А однажды стиральная машина задребезжала и заглохла, и мы перестали так беспокоиться о чистоте и просто стирали реже. Уж лучше было ходить неряхами, чем переживать, что нечего надеть. А когда бойлер капризничал, вода была еле теплая или заканчивалось мыло, мы просто реже мылись. Грязные волосы я прятала под шапкой с помпоном, от которой волосы становились еще грязнее, зато видно их не было. Сестра пользовалась сухим шампунем, когда ей удавалось его раздобыть, или, стиснув зубы, мыла голову холодной водой под краном на кухне. Вроде не так уж и ужасно, но мы с сестрой как раз вступали в трудный возраст.
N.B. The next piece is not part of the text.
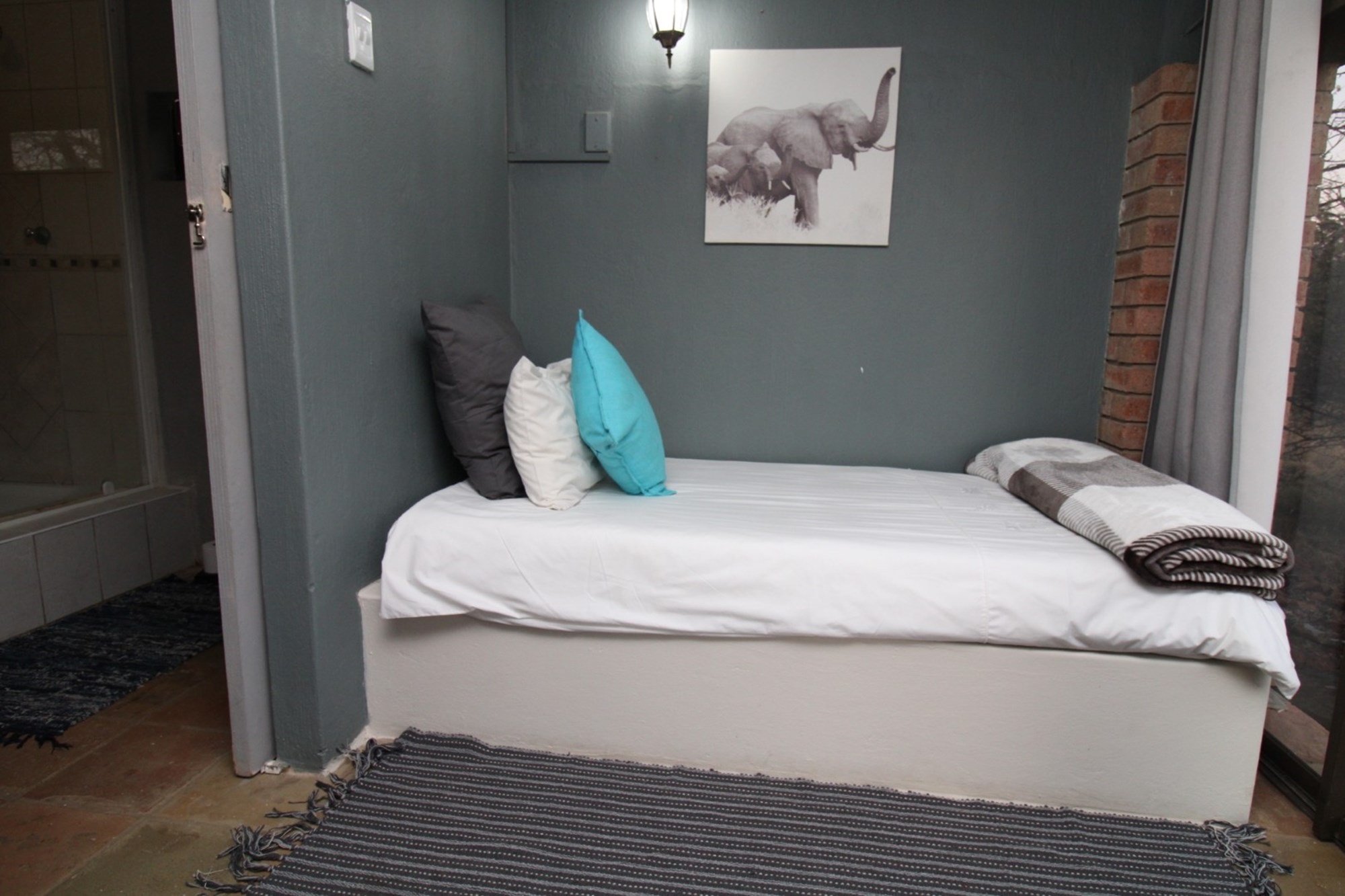 In this cozy flatlet, the open-plan layout maximizes comfort and functionality. A space allows for a double bed with soft lighting, while a built-in single bed—tucked along one wall—adds clever versatility for guests or extra lounging. The en-suite bathroom offers a private retreat that blends efficiency with effortless charm

Помимо походов в прачечную, нам еще нужно было заниматься пони (которые теперь пребывали на неудобном расстоянии в целую милю) и все время покупать то одно, то другое, а потом готовить, не располагая такой роскошью, как большая кухня, полная полезных ингредиентов, и мисс Вудс через дорогу, которая записывала покупки на наш счет. Мы не могли вспомнить, как все делалось раньше, но не сомневались, что как-то делалось. Мы пришли к заключению, что мама, видимо, делала куда больше, чем нам представлялось. А теперь она пропадала на работе с семи до семи, и после работы к ней нельзя было приставать ни с чем, кроме непринужденной беседы и хороших новостей, и ничего не делалось, если мы ничего не делали. А мы не делали.
Пришлось избавиться от домашних питомцев. Мама умоляла нас понять, что это совершенно необходимо. Кроликам, морским свинкам, кошкам и пуделю Медок следовало подыскать новых хозяев. Мы больше не могли их держать. Мама сказала, что у нас нет места, нет денег и нет времени. Дебби она, слава богу, в этот список не включила. Иначе мне бы пришлось сбежать из дома.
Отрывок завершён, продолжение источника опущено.